Warga juga sepakat untuk menanami lahannya dengan beragam jenis agar lahan milik mereka agar kawasan hutan di Desa Melung dapat juga menjadi habitat yang nyaman bagi berbagai jenis satwa seperti burung, jelarang dan monyet(*).

GERAKAN PEMUDA CINTA HUTAN

Letak yang berada persis di lereng selatan gunung Slamet, membuat Pager Gunung tergerak untuk secara aktif melakukan upaya pelestarian hutan secara mandiri.  Warga Desa Melung tidak menggantungkan begitu saja pelestarian hutan kepada Pemerintah.

Salah satu kegiatan yang dilaksanakan yaitu reboisasi daerah bantaran Sungai Wangan Wali sepanjang 3 KM yang berhulu di atas bukit Cendana pada bulan Juni 2009.  Kegiatan ini merupakan inisiatif para pemuda di bawah koordinasi Pager Gunung, wujud kepedulian pemuda terhadap fungsi hutan sebagai penyedia kebutuhan air bagi masyarakat.

Wangan Wali merupakan sungai kecil yang berfungsi vital bagi masyarakat desa Melung untuk konsumsi sekaligus pengairan sawah dan pengusahaan peternakan rakyat.

Sebelum kegiatan penanaman dimulai, dilakukan diskusi yang menghadirkan para pemangku kebijakan seperti DPRD Banyumas, Dinas Kehutanan, Perhutani, LSM dan para Pecinta Alam se-Banyumas.  Hadir pula para calon legislatif yang akan mengikuti pemilu 2009.

Dalam diskusi ini, digalang dukungan bagi masyarakat pinggir hutan untuk secara mandiri menjaga dan mengelola hutan di sekitarnya.  Disimpulkan, sejarah telah membuktikan bahwa peran swadaya masyarakat-lah yang memberikan kontribusi terbesar dalam pengelolaan hutan.

Tanpa masyarakat, hutan di Indonesia sudah akan hilang.  Terbukti ketika hutan diserahkan kepada perusahaan besar, maka semakin banyak wilayah hutan yang hilang tanpa ada upaya nyata pemulihan hutan.
Para undangan yang hadir datang dengan membawa sumbangan pohon yang beraneka ragam seperti Cendana, Jenitri, dan berbagai tanaman kayu(*).

Jumat, 03 Desember 2010

BUDIDAYA JAMUR KUPING

Bulan November ini Pager Gunung didukung oleh Fakultas Biologi UNSOED mengadakan pelatihan budidaya Jamur Kuping.

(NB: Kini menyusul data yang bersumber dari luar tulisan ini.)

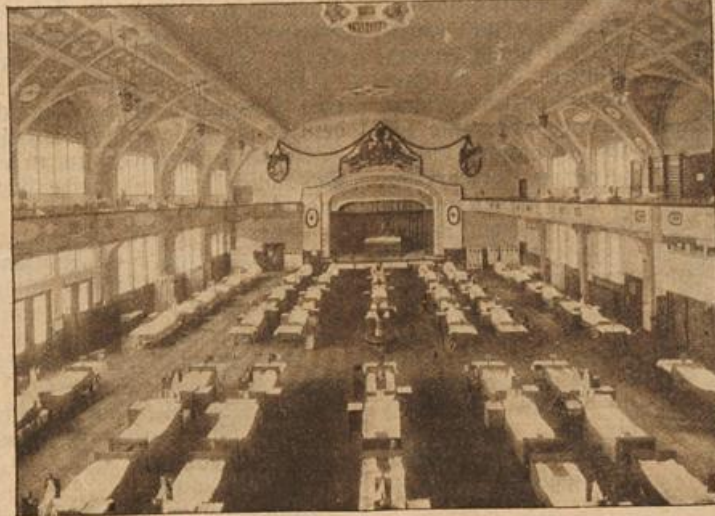
München: Die größte und schönste Turnhalle Deutschlands (des Männerturnvereins von 1879) wurde in ein Lazarett mit 170 Betten nebst Operationssälen und Verbandsträumen umgewandelt.

Ein Stahlpfeil, wie er nach Mitteilungen in englischen Blättern zum Abwerfen aus Flugzeugen über Truppenmassen verwendet worden sein soll; die Pfeile sollen erhebliche Verletzungen verursachen.

Diharapkan dari pelatihan ini, program pertanian organik yang sudah berjalan baik di Desa Melung Kecamatan Kedung Banteng Kabupaten Banyumas ini menjadi semakin berhasil dengan bertambahnya komoditas yang dihasilkan masyarakat dan meluasnya pasar konsumen pertanian organik.

Usaha jamur merupakan usaha yang mulai naik daun akhir-akhir ini karena masyarakat sudah mulai dapat menerima jamur sebagai salah satu konsumsi mereka.  Selain rasa yang enak, jamur memiliki nilai gizi yang sangat baik.

Selama ini, budidaya jamur yang memasyarakat baru jamur Tiram Putih karena selain budidaya yang mudah, produk makanan yang bissa dibuat dari jamur Tiram Putih sangat beragam.

Akan tetapi, karena yang membudidayakan jamur Tiram Putih sangat banyak, lambat laun harganya semakin menurun karena serapan masyarakat belum meningkat.  Hal tersebut yang mendorong Pager Gunung untuk memfasilitasi masyarakat melirik budidaya jamur kuping. 

Budidaya jamur kuping sebenarnya tidak terlalu berbeda dengan jamur Tiram Putih.  Akan tetapi karena minimnya informasi yang diterima petani, maka jamur yang sering dihidangkan pada acara resepsi pernikahansebagai campuran sup ini kurang dibudidayakan oleh masyarakat umum.
Pager Gunung mendapat pelatihan langsung oleh Bapak Aries Mumpuni, seorang ahli jamur yang sehari-harinya berprofesi sebagai dosen dan peneliti di Fakultas Biologi UNSOED.